Remember, bands behave this way when volatility is significantly higher. Selling options would b a possible strategy (high premiums).
W and M patterns:
W (Relative low) = In downtrend, previous low is below the lower band and second low is above the lower band.
Second low is relative low even if second low is lower than previous low.
M (Relative High) = In uptrend, previous high is above upper band and second high is below upper band.
Second high is relative high even if second high is higher than previous high.
There can be multiple highs above upper band in uptrend.
For walking the bands, reversal from bands, reverse expansion – a confirmation is required. It can be in the form of other indicators or volume analysis etc.

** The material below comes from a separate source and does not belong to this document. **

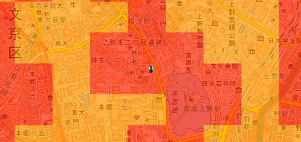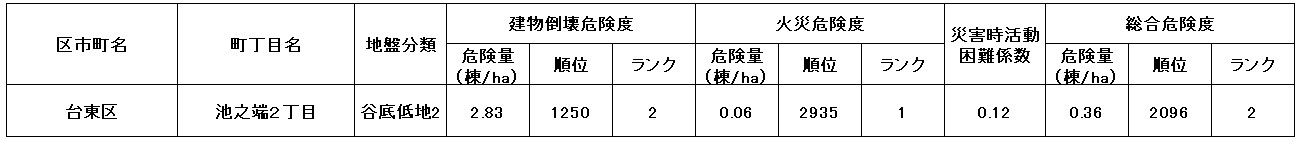 ●東京都の「地震に関する地域危険度測定調査」によると、「池之端2丁目」の地域危険度は“2”(※)であり、災害に比較的強い地域であるとされています。

My pref would be a price pattern confirmation. It helps in planning the trades, placing the stops and managing the trades
I also recommend Relative strength analysis along with walking the bands or Relative low, high analysis and Breadth analysis at reverse expansion or while applying mean-reversion techniques.
Remember, the Bollinger bands are calculated on closing price.
For more understanding of Bollinger bands and to know more about it - The book by master himself – ‘Bollinger on Bollinger bands’ is strongly recommended. It is amazingly a beautifully written book.
The concept of Headfake helped me while dealing with triangles in P&F charts. Multi-column triangles are pattern of tight consolidation – Headfake from it can result in failure of breakout after that. It helped me treating triangle failure as a separate pattern.
Point is, how understanding the concepts can help you in many ways. We can’t use all indicators bt we can learn the principles which will help us in the long run. Don’t fall in the trap of looking for best indicator, there is none. Logical understanding makes all of them useful.